▶ **Exercise description**
Entries below include pictures. Output exactly the lines from the one with "vices or finances." down to the one with "FACADE STYLE D", both ends included, and leave the pictures out.

Top of Supplied data

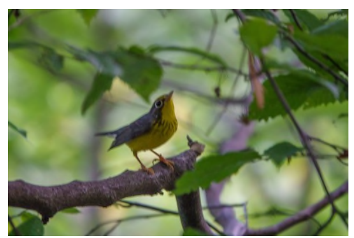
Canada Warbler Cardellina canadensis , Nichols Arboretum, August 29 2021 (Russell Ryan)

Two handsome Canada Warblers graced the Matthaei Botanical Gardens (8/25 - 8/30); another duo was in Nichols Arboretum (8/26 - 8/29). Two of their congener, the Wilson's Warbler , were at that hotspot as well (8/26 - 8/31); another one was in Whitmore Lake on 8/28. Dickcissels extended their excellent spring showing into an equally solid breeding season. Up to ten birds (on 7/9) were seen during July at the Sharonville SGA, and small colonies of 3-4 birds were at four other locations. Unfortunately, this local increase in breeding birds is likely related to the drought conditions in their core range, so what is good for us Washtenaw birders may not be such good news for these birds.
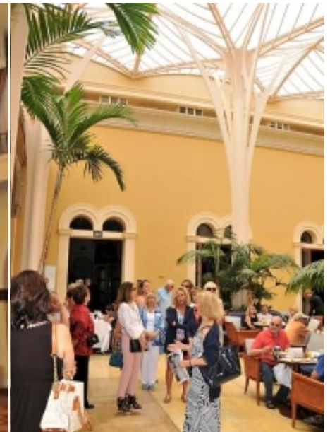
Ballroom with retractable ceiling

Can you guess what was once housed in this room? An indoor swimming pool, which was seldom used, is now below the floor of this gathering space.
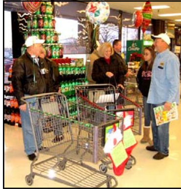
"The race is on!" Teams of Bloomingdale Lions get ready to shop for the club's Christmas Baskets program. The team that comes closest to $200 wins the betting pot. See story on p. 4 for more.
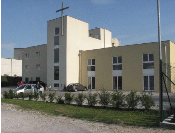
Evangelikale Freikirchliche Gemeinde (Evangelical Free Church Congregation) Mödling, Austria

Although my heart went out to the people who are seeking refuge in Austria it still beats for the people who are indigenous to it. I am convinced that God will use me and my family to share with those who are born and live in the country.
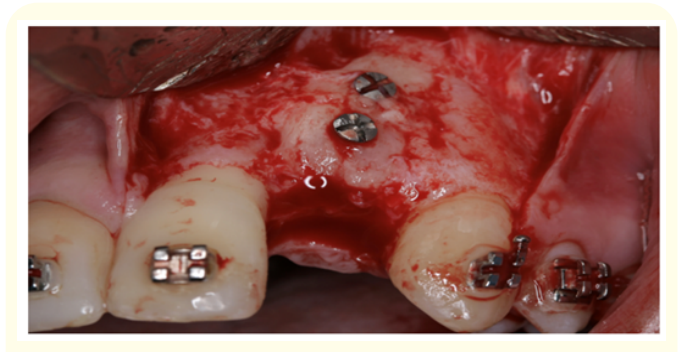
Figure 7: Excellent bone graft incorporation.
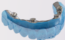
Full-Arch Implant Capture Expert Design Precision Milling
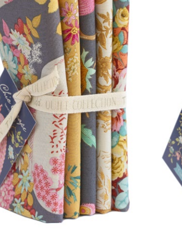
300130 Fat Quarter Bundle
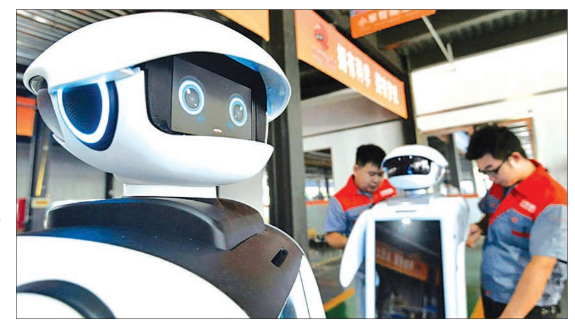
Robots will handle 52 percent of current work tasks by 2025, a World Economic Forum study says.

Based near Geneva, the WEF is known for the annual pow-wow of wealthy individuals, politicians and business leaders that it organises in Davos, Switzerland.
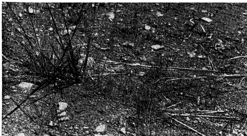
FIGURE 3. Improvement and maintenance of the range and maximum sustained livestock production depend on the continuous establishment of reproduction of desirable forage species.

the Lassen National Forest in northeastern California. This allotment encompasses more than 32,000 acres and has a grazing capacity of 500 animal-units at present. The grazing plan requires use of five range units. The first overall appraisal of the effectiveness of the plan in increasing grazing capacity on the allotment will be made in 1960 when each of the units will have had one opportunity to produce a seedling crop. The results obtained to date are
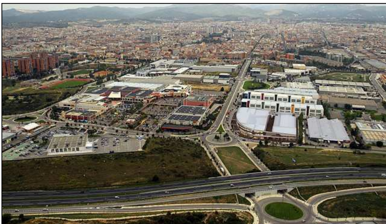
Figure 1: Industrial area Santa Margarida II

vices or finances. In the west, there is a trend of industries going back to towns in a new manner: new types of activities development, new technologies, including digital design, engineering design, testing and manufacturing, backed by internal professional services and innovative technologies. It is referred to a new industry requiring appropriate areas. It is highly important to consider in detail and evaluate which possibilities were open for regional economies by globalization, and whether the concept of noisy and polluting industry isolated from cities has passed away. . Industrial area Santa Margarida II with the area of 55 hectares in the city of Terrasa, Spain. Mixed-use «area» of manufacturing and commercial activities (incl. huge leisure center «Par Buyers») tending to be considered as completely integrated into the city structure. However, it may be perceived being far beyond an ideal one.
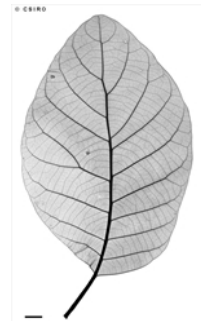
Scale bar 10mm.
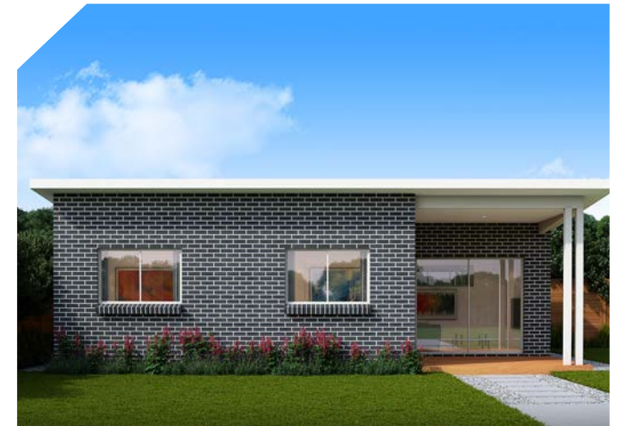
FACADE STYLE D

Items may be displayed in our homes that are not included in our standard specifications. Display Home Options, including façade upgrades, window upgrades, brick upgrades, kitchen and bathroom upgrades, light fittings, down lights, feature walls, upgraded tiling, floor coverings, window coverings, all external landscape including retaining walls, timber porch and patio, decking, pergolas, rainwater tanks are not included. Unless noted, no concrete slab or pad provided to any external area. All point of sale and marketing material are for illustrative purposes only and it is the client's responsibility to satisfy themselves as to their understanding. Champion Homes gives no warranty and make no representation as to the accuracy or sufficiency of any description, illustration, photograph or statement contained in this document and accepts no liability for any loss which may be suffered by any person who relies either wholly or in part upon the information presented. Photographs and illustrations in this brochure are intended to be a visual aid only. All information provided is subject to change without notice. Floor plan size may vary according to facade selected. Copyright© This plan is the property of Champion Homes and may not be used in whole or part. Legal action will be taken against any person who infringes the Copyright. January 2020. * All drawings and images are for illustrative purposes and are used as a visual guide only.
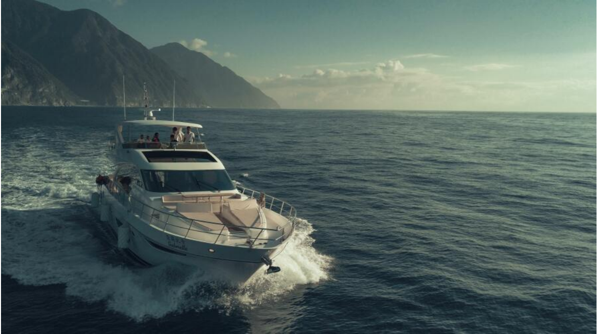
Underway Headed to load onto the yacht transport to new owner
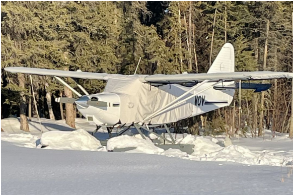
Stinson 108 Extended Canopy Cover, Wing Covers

Bottom of Supplied data

▶ **Completed task**
vices or finances. In the west, there is a trend of industries going back to towns in a new manner: new types of activities development, new technologies, including digital design, engineering design, testing and manufacturing, backed by internal professional services and innovative technologies. It is referred to a new industry requiring appropriate areas. It is highly important to consider in detail and evaluate which possibilities were open for regional economies by globalization, and whether the concept of noisy and polluting industry isolated from cities has passed away. . Industrial area Santa Margarida II with the area of 55 hectares in the city of Terrasa, Spain. Mixed-use «area» of manufacturing and commercial activities (incl. huge leisure center «Par Buyers») tending to be considered as completely integrated into the city structure. However, it may be perceived being far beyond an ideal one.
Scale bar 10mm.
FACADE STYLE D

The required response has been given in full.